- Poster
- Directed by: Tony Olmos
- Written by: Tony Olmos
- Produced by: Ryan Binse; Jeanette Di Pinza; George Jac; Tony Olmos; Luke Pensabene;
- Starring: Brian Patrick Butler; George Jac; Jennifer Paredes; Kathryn Schott; Raye Richards; Luke Pensabene; Shane P. Allen; Michael C. Burgess;
- Cinematography: Tony Olmos
- Edited by: Tony Olmos
- Music by: Sergio Corona
- Production company: Rosewood Five
- Distributed by: MultiVisionnaire Pictures
- Release dates: September 26, 2016 (Downtown Los Angeles Film Festival); July 30, 2019 (VOD);
- Running time: 91 minutes
- Country: United States
- Language: English
- Budget: $9,000

= South of 8 =

2016 American film by Tony Olmos

South of 8 is a 2016 American crime drama heist film written and directed by Tony Olmos in his directorial debut. The film stars Brian Patrick Butler, George Jac, Jennifer Paredes, Kathryn Schott, and Raye Richards.

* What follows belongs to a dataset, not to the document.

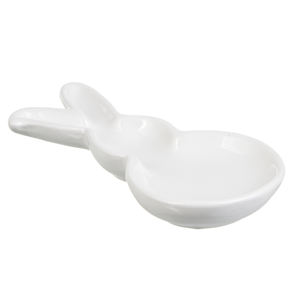 Декоративная тарелка в форме зайца выполнена из качественной керамики и станет оригинальным украшением интерьера.
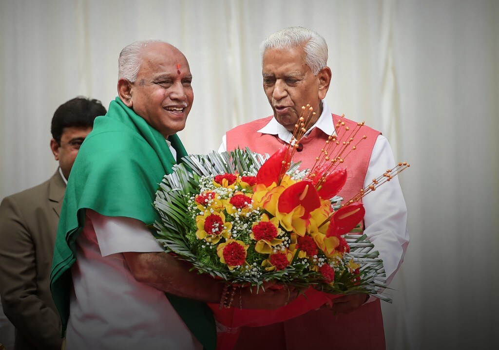 Karnataka Governor Vajubhai Vala greets newly sworn-in Karnataka Chief Minister B. S. Yeddyurappa, at a ceremony in Bengaluru. (Photographer: Shailendra Bhojak/PTI)

The story is centered around a young group of criminals in San Diego knocking off banks in the dystopian future. It was made with a guerrilla filmmaking approach and premiered at the Downtown Los Angeles Film Festival in 2016 where it won Best Dramatic Screenplay.

== Plot ==
San Diego in the 2040s has unemployment and crime at an all-time high. Government surveillance, mass poverty and drought has decimated much of the population. Revolutionary groups and economic divide has caused society to be on the brink of another Great Depression in the United States.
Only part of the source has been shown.